In general IDRs are somewhat of a double-edged sword. They are a very strong financial motivation for general partner to manage the MLP to produce growing distributions. On the other side, IDRs increase the cost of equity capital which reduces cash flow available for distribution from new assets. As the distribution rate gets higher, the effect of IDR payments on the equity cost becomes more pronounced.
There are a handful of midstream MLPs that do not have IDR payments in their partnership agreements. For these MLPs, the equity cost of capital is equal to the current LP unit yield. I have compared the distribution yield and growth results of these MLPs with the rest of the MLPs in the sector that do have IDR payments. The lack of IDRs is not a strong indicator for above average performance. In most cases, the LP unit yield is the biggest factor that affects an MLPs distribution growth. Higher yields result in lower growth rates. This becomes a self-fulfilling event since, with lower growth rates, the market will price an MLP to carry a higher yield.
The current bear market in MLPs has pushed yields up to very high levels. If yields stay this high, capital to fund new assets will be expensive, preventing partnerships from taking on marginal projects or acquisitions. This will produce a natural slowing in the growth of the energy infrastructure system.
You may have noticed that IDR payments are a sweet deal for whoever holds the general partner interest. There are a handful of publicly traded pure play or near pure play MLP general partners. The Tax-Smart Income Hunter database includes a listing of these companies. Next month I will highlight some of the more attractive general partner stocks.
Portfolio Review
The most basic fact is that the MLPs I have selected since launching Tax-Smart Income Hunter in July have posted poor results. The entire sector is down significantly since the start of May thanks to depressed crude oil prices. It is the reality of the situation in this sector right now, and is something that I take into consideration heavily when I write these issues.
The Income Portfolio is down an average of 6.5% since the four MLPs were added to the portfolio. On the flip side, the average yield is over 11%. For variable distribution paying Northern Tier Energy LP (NYSE:NTI) I am using the trailing four payouts to calculate yield. Oneok Partners LP (NYSE:OKS) is in positive territory by 5% since its inclusion in the portfolio on July 31. OKS was able to place a sizeable equity issuance with its general partner, Oneok Inc. (NYSE:OKE), which gave the market confidence that the MLP could fund its near-term growth plans.
The MLPs in the Total Return Portfolio have been hammered over the last few days. Average return is now a minus 19%. Yield is 4%. This group should be able to average 20% distribution growth over the next year, giving these stocks great potential over the long-term. The next increases will start to come in a month, so that may help unit values.

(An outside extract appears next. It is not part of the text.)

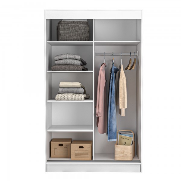 Dressing cu oglinda si usi glisante, produs din pal melaminat, compartimentat cu polite si bara umeras.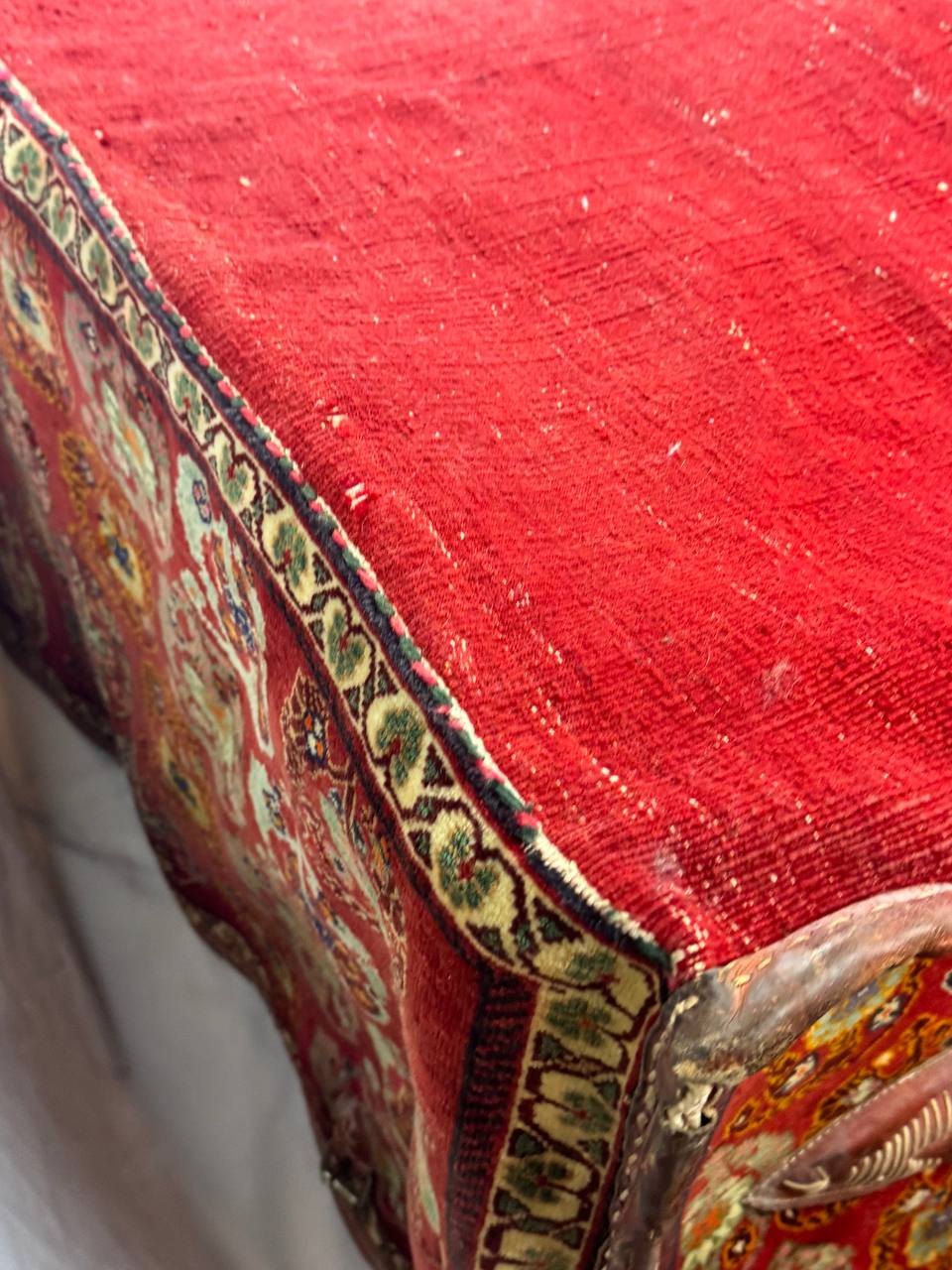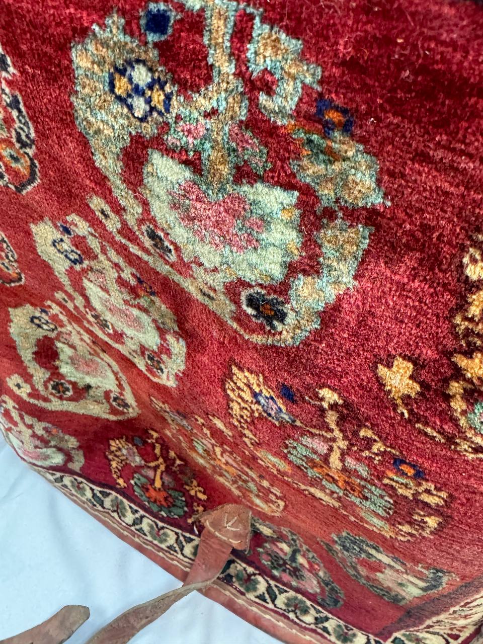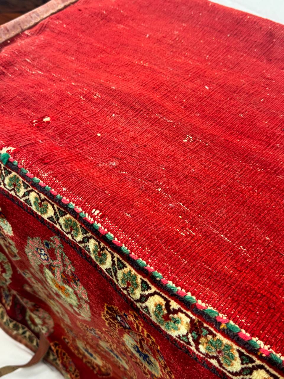 This antique farahan Rug / Mafrash is in excellent condition, cleaned and no stained, the ends and bindings of the rug are intact as original and there has not been any repairs. There are no tears, breaks or holes.

Next week is the end of Q3 2015. It has been a tough quarter for MLPs, with the Alerian AMZ index off 23% in just the last three months. Earnings season for the sector starts around October 14, with MLP-like Kinder Morgan Inc. (NYSE:KMI) releasing earnings and announcing its next dividend. Total Return Portfolio component EQT Midstream Partners LP (NYSE:EQM) is scheduled to report on October 22.
Some positive results and distribution news would be a welcome help to start to turn around the MLP sector.